Dame Judith Binney / Te Tōmairangi o Te Aroha was one of New Zealand’s most distinguished historians.

Her early work ranged from the MA thesis on Thomas Kendall that became an award-winning book, The Legacy of Guilt, to the richly illustrated history Mihaia: The Prophet Rua Kenana and His Community at Maungapohatu (co-authored with Gillian Chaplin and Craig Wallace), and the following oral history Ngā Mōrehu: The Survivors – The Life Histories of Eight Māori Women (co-authored with Gillian Chaplin). In these two collaborative works, Judith Binney brought scholarly principles to new research in oral history and took this community-based Māori history out to a mainstream readership through powerful visual narratives.

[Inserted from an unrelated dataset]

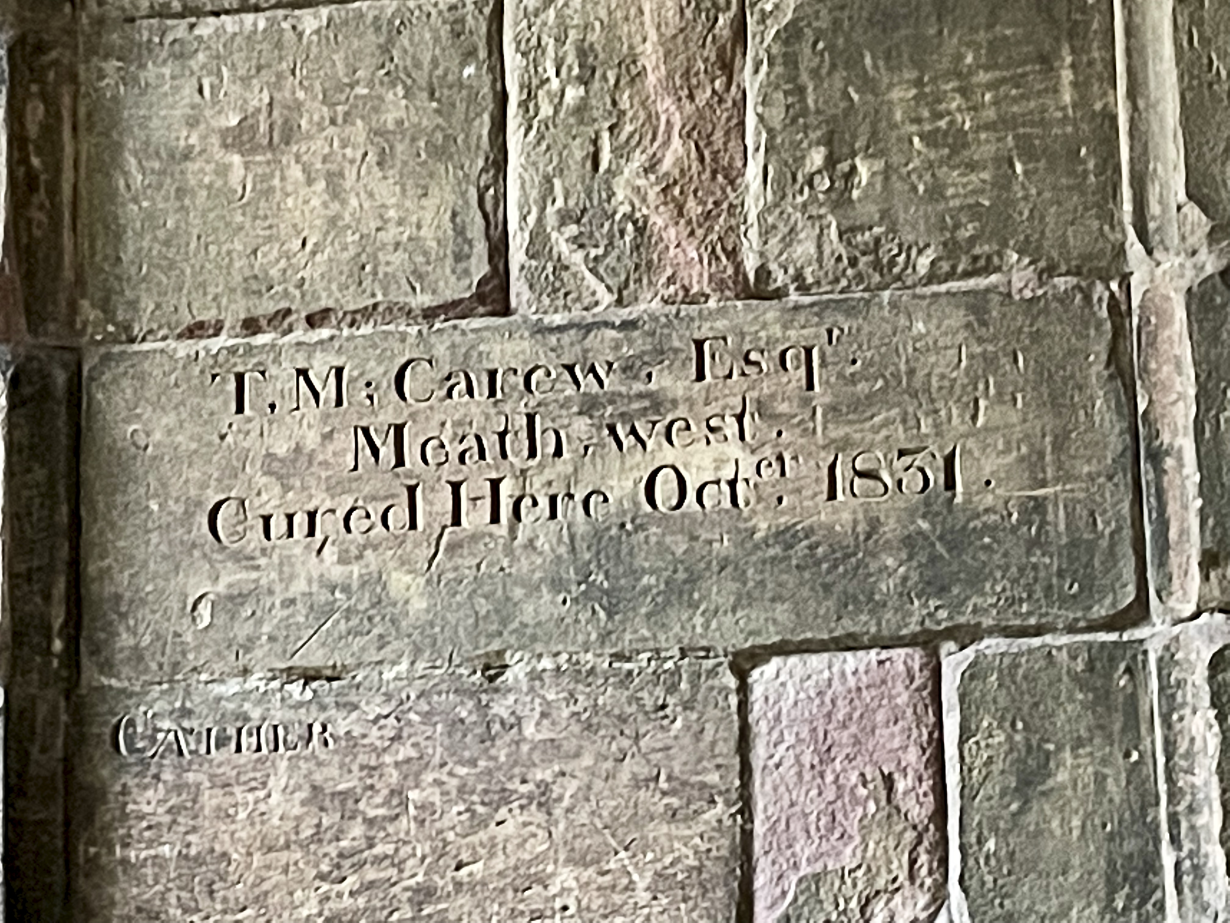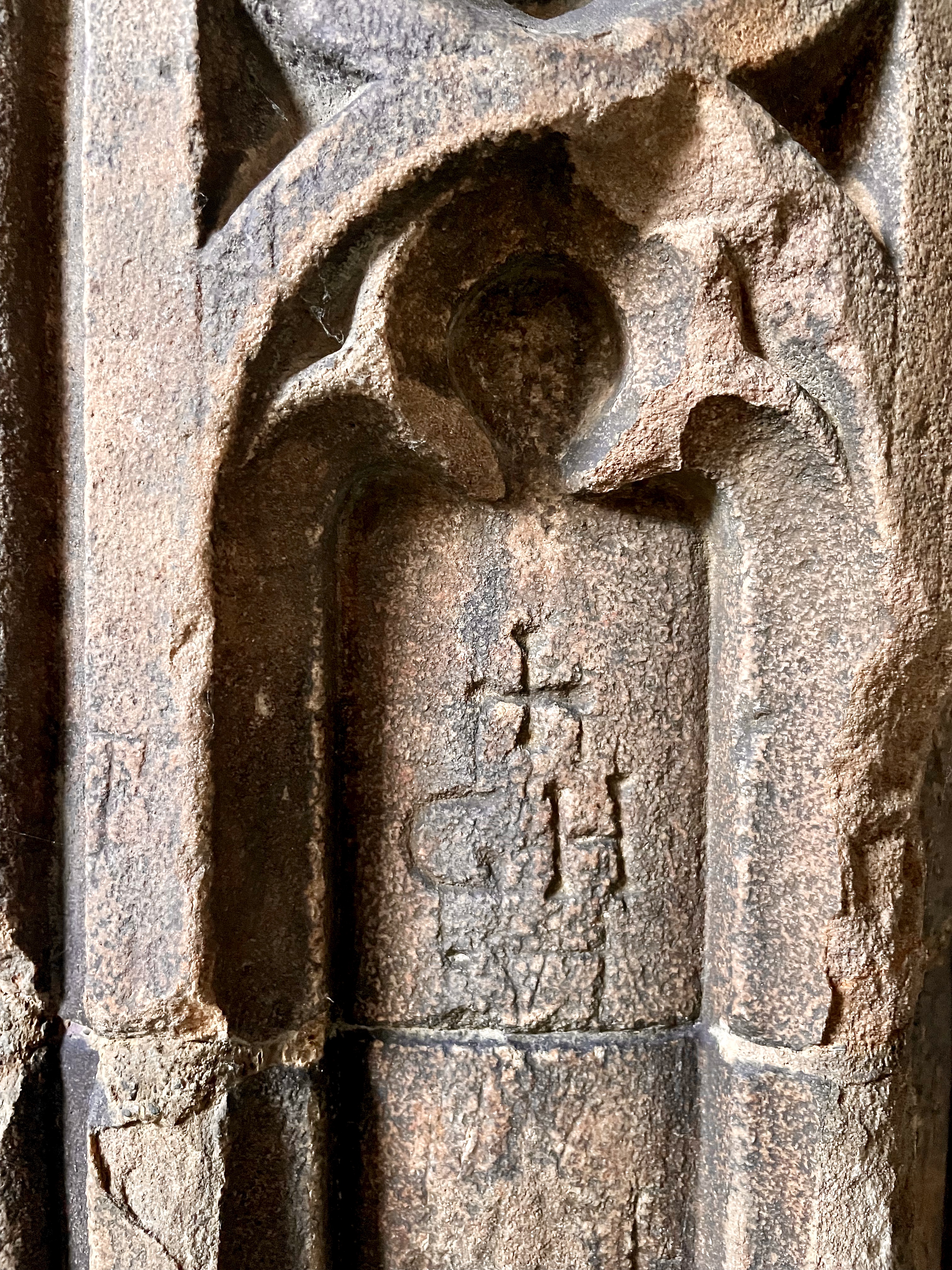 While I was looking around at the walls, for some reason, I suddenly missed my mom. She died of cancer about three years ago. I don’t know why she came to mind: she had no connection to Saint Winefride, or any other saint, and I don’t think she would have known exactly how to take the story or the shrine, either. She would have looked at the stones, though—she always looked at stones. Mom never traveled very far, but she was an explorer at heart, the kind of person who took an active interest in pretty much everything and everyone. I could just hear her voice in my head as I looked at the names carved into the walls: “Let’s see if we can find the oldest one!” So she and I did.

The two magisterial books – Redemption Songs: A Life of Te Kooti Arikirangi Te Turuki and Encircled Lands: Te Urewera, 1820–1921 – grew from this early connection with the people and land of Te Urewera. These award-winning books continued her commitment to rigorous scholarly research and drew also on oral history and the visual record. Above all, they make manifest Judith Binney’s respect for and commitment to the people of these histories, the people of the land. This was recognised by Tūhoe elders who gave the name Te Tōmairangi o Te Aroha to Judith Binney at the launch of Encircled Lands at Waikirikiri Marae in Te Urewera in December 2009.

By that time, Judith Binney had begun the collaboration with Atholl Anderson and Aroha Harris that led to the publication of a new Māori history, the award-winning Tangata Whenua: An Illustrated History in 2014. This tremendous undertaking took forward her commitment to Maori history in multiple ways – expanding the visual narrative, drawing together different disciplines, working with indigenous perspectives that connected place and community to the longer arc of a 5000-year history.

As Tūhoe scholar Rawinia Higgins has written:

Ka mau, ka mau ō kōrero
He mutunga kore.

Your stories will be enduring
Your stories will be without end.

Rawinia Higgins, ‘He Poroporoaki: A Farewell to Dame Professor Emeritus Judith Binney’, Te Pouhere Kōrero, 5 (2011)

Judith Binney on History

Storytelling is an art deep within human nature. Good narratives not only tell us about ourselves; they tell us about the beliefs of others. Stories are the essential way by which we expand our empathy and our imaginations; stories are the means by which we communicate across time and across cultures.

The historians’ craft is to tease out the larger narratives from … competing versions, missing parts, and conflicting ‘truths’. ‘To know ourselves’ is to search to recover hopes and losses; dreams and hard realities; innocence and calculated manipulation; violence and quests for ways to share knowledge, power, and resources. In knowing ourselves, hopefully we may manage to avoid cruelly or crudely revisiting the past as we make current decisions.
Biographies are essentially personal histories… [yet] they may tell us more than the story of one life: they may reveal the struggle for the survival of an entire community.
History is often remarkably arrogant. It can too frequently dismiss whole groups of people as lost causes, or as merely irrelevant. Entire sections of society, usually the poor, the minorities, and the politically powerless are thereby obliterated from memory. Oral history, particularly as it has recently developed, aims to recover the aspirations and visions of those who otherwise have left little record in written public sources.’
Oral history is transmitted by narrative, by song, by proverb and by genealogy. We who write down our histories in books transmit our chosen perceptions to readers rather than to listeners, but both forms are structured, interpretative and combative.